Tujuan para Sufi Menyaksikan bahwa Segalanya adalah Dia
            Sebagaimana dijelaskan sebelumnya bahwa para sufi berangkat menuju Tuhan dengan qalbunya. Qalbu adalah inti atau hakekat manusia. Jika dirinya berangkat dengan qalbunya maka seluruh hakekat dirinya berangkat menuju Tuhan. Jika demikian maka seluruh hakekat dirinya menyaksikan Tuhan sebagaimana lantunan do’a arafah Imam Husein as.

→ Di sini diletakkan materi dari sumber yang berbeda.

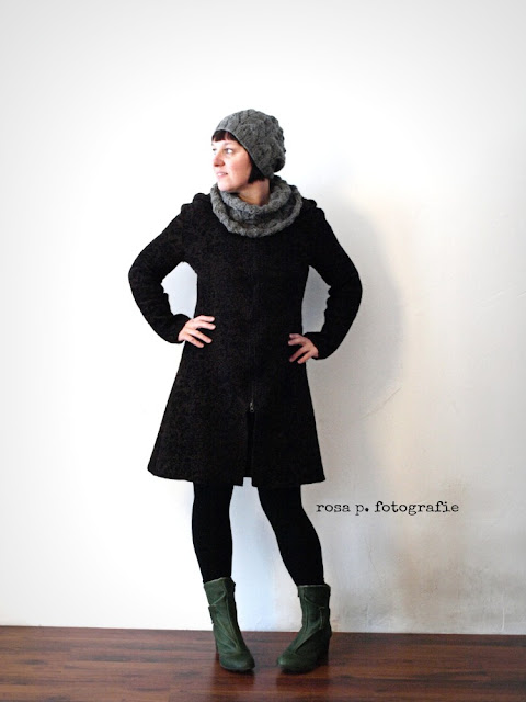 und die oberste schicht: ein wolliger mantel mit kapuze aus besticktem woll walk. und eine alpaca muetze samt passendem loop.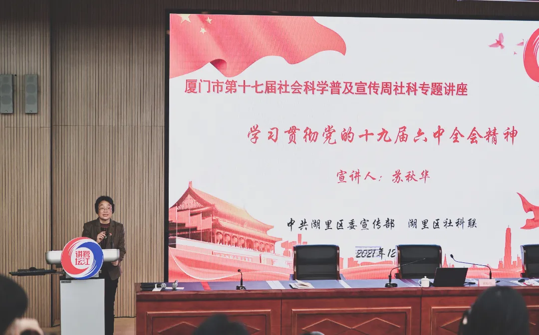 會上,王瑋副局長介紹本次的主講人,本次宣講會由廈門市委黨校常務(wù)副校長蘇秋華主講。根據(jù)中央宣講團的宣講要求與中央有關(guān)部署,蘇秋華副校長圍繞著對“黨的十九屆六中全會精神”的五個深刻認識與深刻領(lǐng)會展開此次宣講,五個“深刻認識”,給與會者鼓足了勁頭。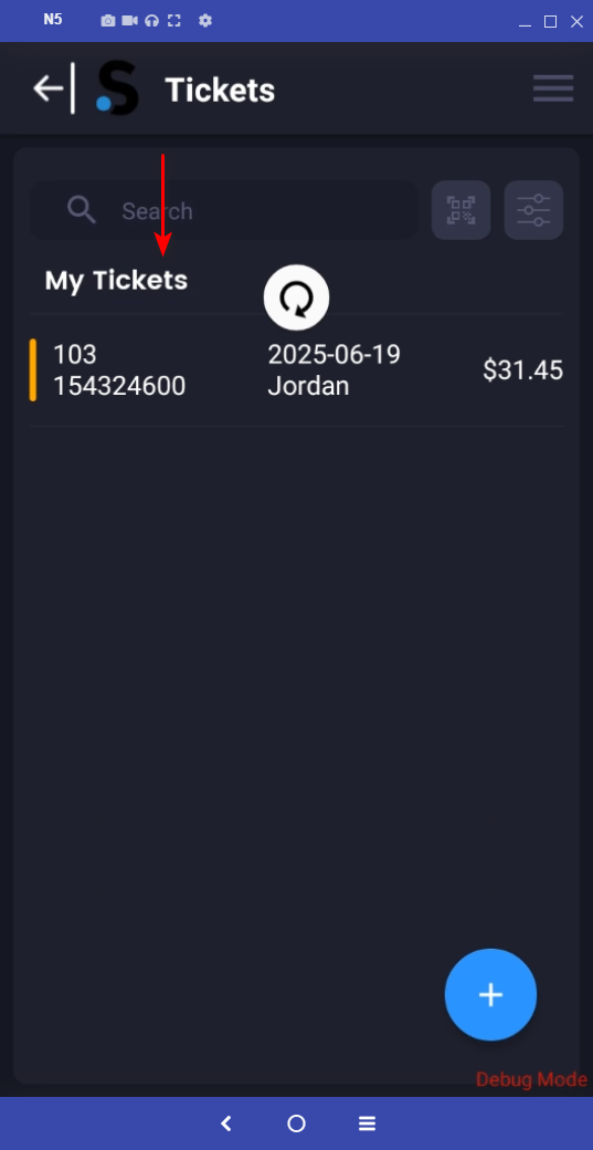 To refresh the list, pull down from the top of the tickets page to get the latest tickets created in the system.
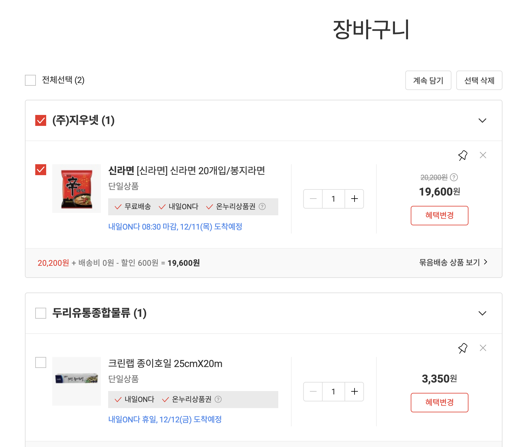 여러 상품을 장바구니에 담고 결제할 때는 한 품목씩 결제해야 온누리 상품권을 사용할 수 있다는 점이에요.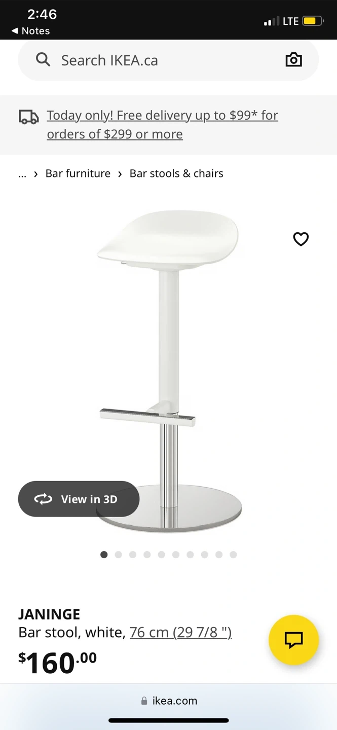 Selling 3 IKEA Janinge bar stool in white. It's 76 cm (29 7/8 ") tall. IKEA is selling now for $160. Great for adding a modern touch to your kitchen or bar area! Selling at $100 EACH.

            Namun untuk mempersiapkan qalbu berangkat menuju Tuhan awalnya tentu sulit namun selanjutnya akan terasa mudah. Kesulitan ini karena kita belum terbiasa melakukannya, namun jika terbiasa melakukannya maka yang ada hanya kemudahan dan kesulitannya akan hilang. Contohnya seperti olahragawan yang berlatih dengan mengangkat alat-alat berat. Pada awal dia berlatih tentunya teramat sulit, namun setelah berselangnya waktu benda yang 100 kilo tersebut dengan mudah diangkat. Namun ada perbedaan antara latihan berolahraga dan latihan suluk. Setelah melewati kerumitan maka dengan keterbiasaan maka akan mendapatkan kemudahan, akan tetapi pada alat berat yang beratnya 100 kilo tetap saja ada, beratnya tetap tinggal karena alat tersebut adalah materi. Namun pada suluk setelah melewati kerumitan maka yang ada hanya kemudahan karena suluk adalah non-materi.
            Dalam suluk (berjalan menuju Tuhan) terdapat beberapa stasiun yang mesti dilewati. Para sufi menjelaskan tingkatan stasiun tersebut berbeda-beda, sesuai dengan tingkatan maqam suluknya. Dalam kitab aushaful ashraf karya Nashiruddin Thusi menjelaskan terdapat 24 tingkatan maqam stasiun; diawali dengan iman, kemudian istiqamah, selanjutnya secara berurutan niat, benar (shidq), senantiasa menginginkan Tuhan, ikhlas, khalwat, tafakkur, takut, berharap, sabar, bersyukur, iradah, syauq (iradah yang sangat kuat), cinta, makrifat, yakin, diam, tawakkal, ridha, taslim, tauhid, ittihad (penyatuan), dan wahdat (ketunggalan).